An app can download and load external DEX files from a C2 server instead of requiring a full APK update, which is downloaded from “<C2 Address>/updateApp?dexfile=classes.dex” and placed in the app’s data directory’s “dex” folder.
The app then restarts to load the new DEX file. While this secondary payload delivery method is deprecated, the code for DEX loading is still present, potentially allowing the app to revert to this method in the future.
GuardZoo, a Yemeni malware, utilizes dynamic DNS domains registered to YemenNet for C2 communication by employing self-signed certificates and using the ASP.NET backend on IIS 10.

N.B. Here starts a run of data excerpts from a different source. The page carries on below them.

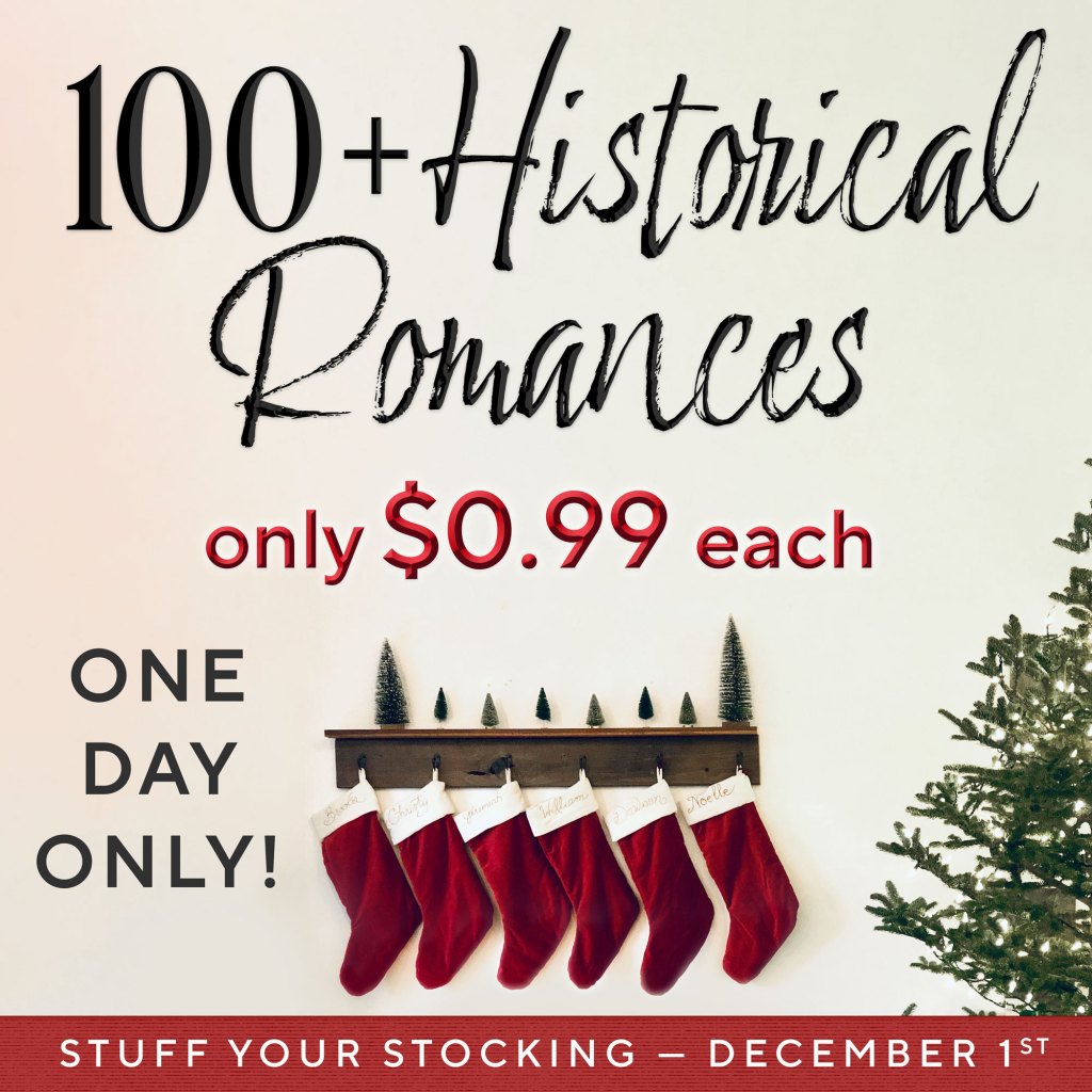 For today only–December 1, 2023–over 100 historical romance ebooks are priced at $0.99 each, including Kissing by the Mistletoe! Regencies, Edwardians, and even historical American Westerns, from steamy to sweet there’s something for everyone ![]()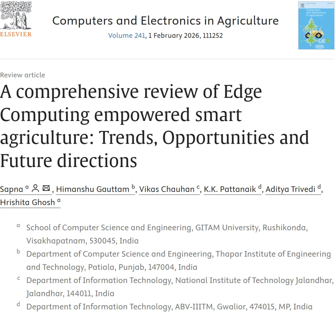 S., Gauttam, H., Chauhan, V., Pattanaik, K. K., Trivedi, A., Ghosh, H., 2026. A comprehensive review of Edge Computing empowered smart agriculture: Trends, Opportunities and Future directions. Comput. Electron. Agric. 241, 111252. https://doi.org/10.1016/j.compag.2025.111252.S.; Gauttam, H.; Chauhan, V.; Pattanaik, K. K.; Trivedi, A.; Ghosh, H. A comprehensive review of Edge Computing empowered smart agriculture: Trends, Opportunities and Future directions. Comput. Electron. Agric. 2026, 241, 111252, doi:10.1016/j.compag.2025.111252
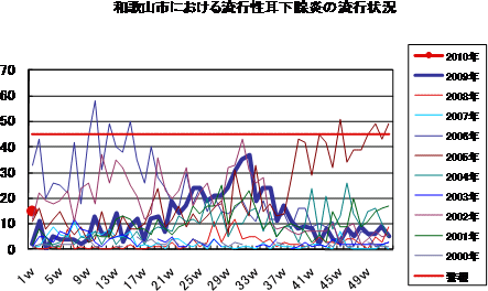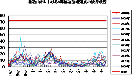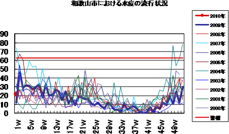 和歌山市では、2006年では第10週をピークに流行が続きましたが、2007年、2008年とも大きな流行なく少数報告にとどまっています。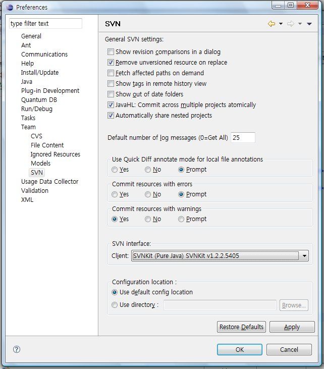 3. Window >> Preferences >> Team >> SVN 항목에 SVN Interface 의 Client를 Pure Java 로 시작하는 놈으로 변경하고 OK 를 누르십시오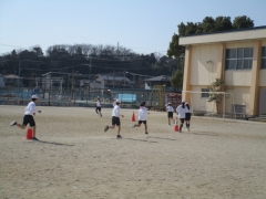 体育の時間に「5分間走」を始めています。体育の時間の始まりには、その時期や運動の内容によって5分間運動を導入しています。その5分間運動の時間帯を使って5分間走に取り組んでいます。5分間で走ることができる距離を伸ばしていくことを目標にしています。穏やかな天気の日を選んで取り組みを始めています。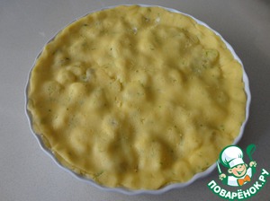 Сверху накрываем оставшимся тестом. Чтобы сделать это было легче, тесто я раскатала на листе кондитерской бумаги, а затем просто перевернула лист и аккуратно отлепила тесто от бумаги.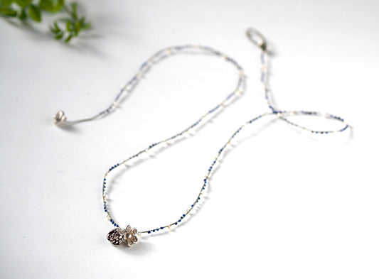 ボタニカルチャーム 編み込み ロングネックレス【ラピスラズリ_パール】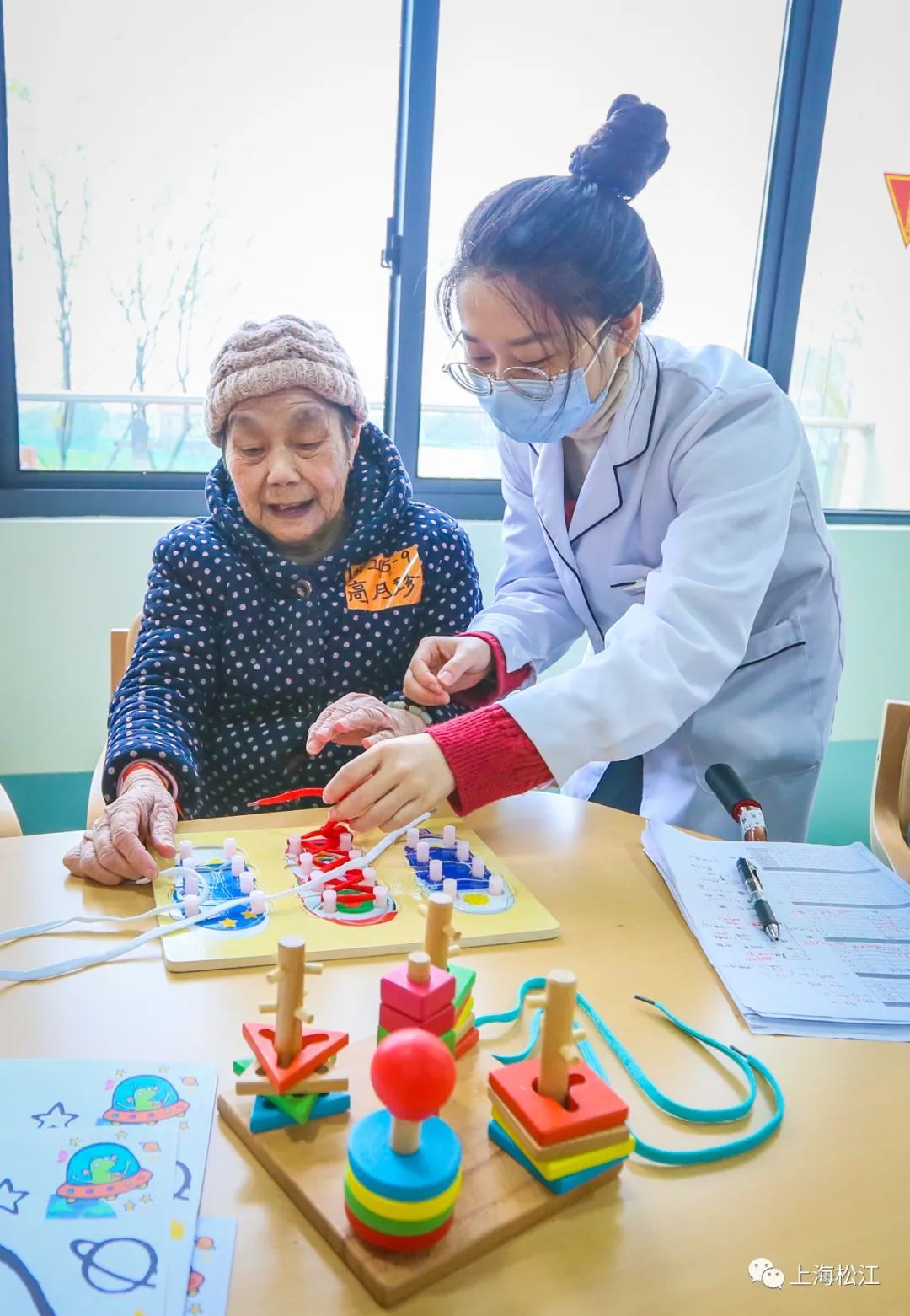 除了崭新的设施、设备,廊道里还特别布置了上世纪80、90年代松江具有代表性的地标,每一个房间的门牌也结合松江老路进行了命名,蒋莉庭住的房间门口就挂着“九曲弄205”便于她记忆。“我们考虑到认知症长者的生活能力和心理变化,希望通过这些支持性空间设计,重新唤起老人们对过去的记忆。”上海市第四社会福利院“记忆家园”小单元负责人说。

Upon infecting a device, GuardZoo establishes connection and retrieves initial commands: uploading specific geolocation files (KMZ, WPT, RTE, TRK) created after a set date, setting a 15-minute retry window on errors, disabling local logging, and uploading file metadata.
Communication is over HTTPS, but the request body is unencrypted.
GuardZoo, a malware family, has been targeting devices in the Middle East since at least December 2022 by luring users with various themes, including military, religious, and ebooks, to trick users into installing it.Â
The initial infection vectors are WhatsApp, WhatsApp Business, and browser downloads.
Unsecured C2 server logs reveal that victims are mostly located in Yemen, Saudi Arabia, and Egypt, with a smaller number in Oman, the United Arab Emirates, Turkey, and Qatar.
The logs also contain IP addresses and mobile carrier details of the victim devices.
Analysis of the C2 server by Lookout revealed its purchase on March 18th, 2019, from a distributor in the United Arab Emirates, likely serving Yemen.
The codebase itself was primarily English, but the user interface and messages indicated Modern Standard Arabic usage.
The timezone was set to “Asia/Baghdad” (GMT+3) and the project was named “Project 500” locally, while log entries suggested the targets were Pro-Hadi forces, Yemen’s internationally recognized government, further corroborated by an exfiltrated document referencing the Yemeni Ministry of Defense.